◆ **YOUR GOAL**: Write the records below out in full, character for character, with no pictures.

◆ **RAW DATA**:

· · · · ·

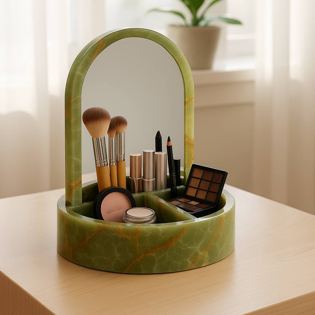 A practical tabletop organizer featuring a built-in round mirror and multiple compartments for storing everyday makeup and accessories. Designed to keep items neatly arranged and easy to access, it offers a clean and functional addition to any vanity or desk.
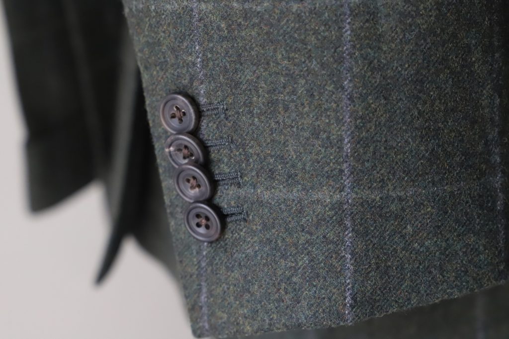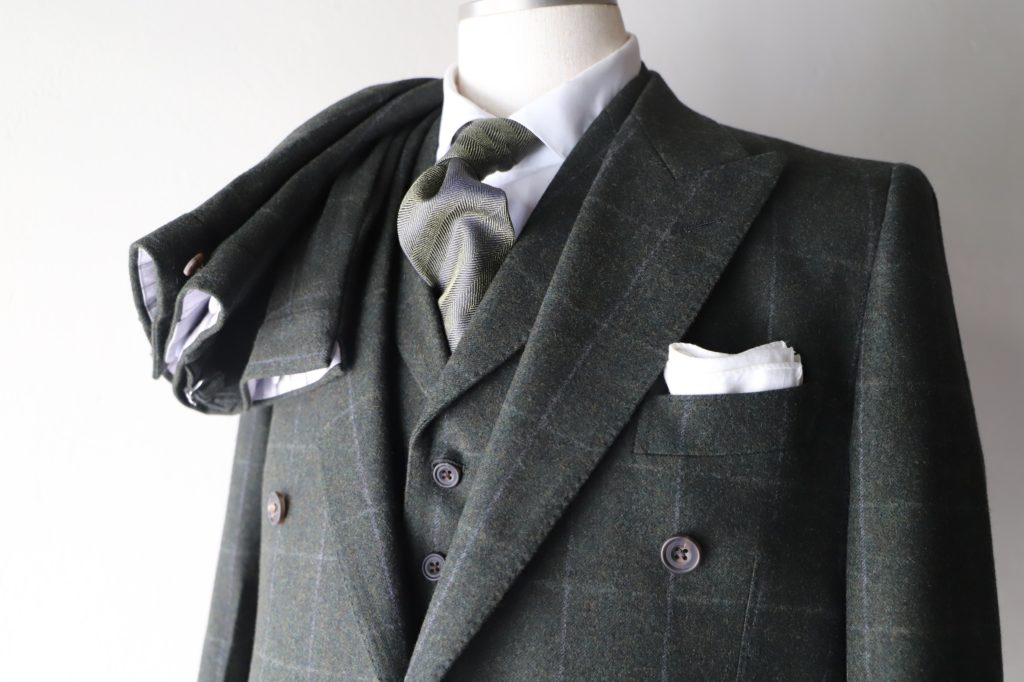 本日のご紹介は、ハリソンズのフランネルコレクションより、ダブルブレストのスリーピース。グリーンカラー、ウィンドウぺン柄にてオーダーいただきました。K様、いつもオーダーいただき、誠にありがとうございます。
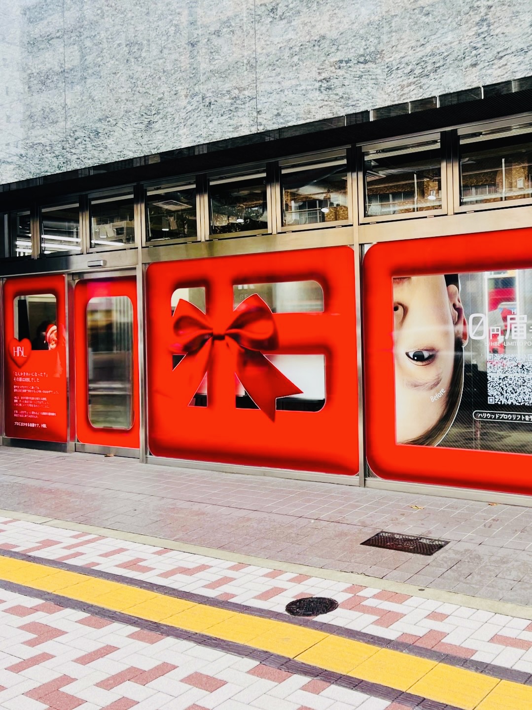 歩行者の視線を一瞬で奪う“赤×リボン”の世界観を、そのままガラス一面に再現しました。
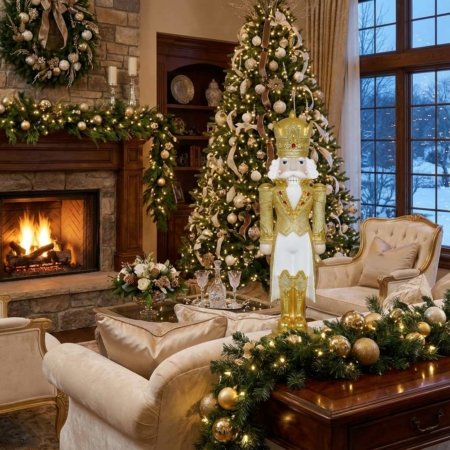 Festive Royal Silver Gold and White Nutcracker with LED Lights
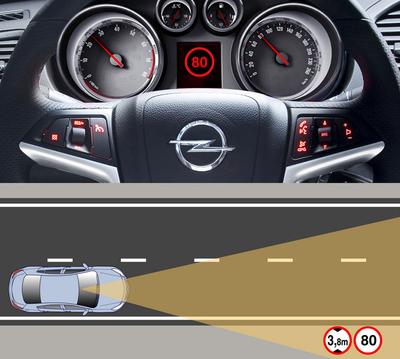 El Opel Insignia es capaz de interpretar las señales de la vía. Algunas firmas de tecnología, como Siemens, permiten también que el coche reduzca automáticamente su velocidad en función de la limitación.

· · · · ·

◆ **RESPONSE**:
 A practical tabletop organizer featuring a built-in round mirror and multiple compartments for storing everyday makeup and accessories. Designed to keep items neatly arranged and easy to access, it offers a clean and functional addition to any vanity or desk.
 本日のご紹介は、ハリソンズのフランネルコレクションより、ダブルブレストのスリーピース。グリーンカラー、ウィンドウぺン柄にてオーダーいただきました。K様、いつもオーダーいただき、誠にありがとうございます。
 歩行者の視線を一瞬で奪う“赤×リボン”の世界観を、そのままガラス一面に再現しました。
 Festive Royal Silver Gold and White Nutcracker with LED Lights
 El Opel Insignia es capaz de interpretar las señales de la vía. Algunas firmas de tecnología, como Siemens, permiten también que el coche reduzca automáticamente su velocidad en función de la limitación.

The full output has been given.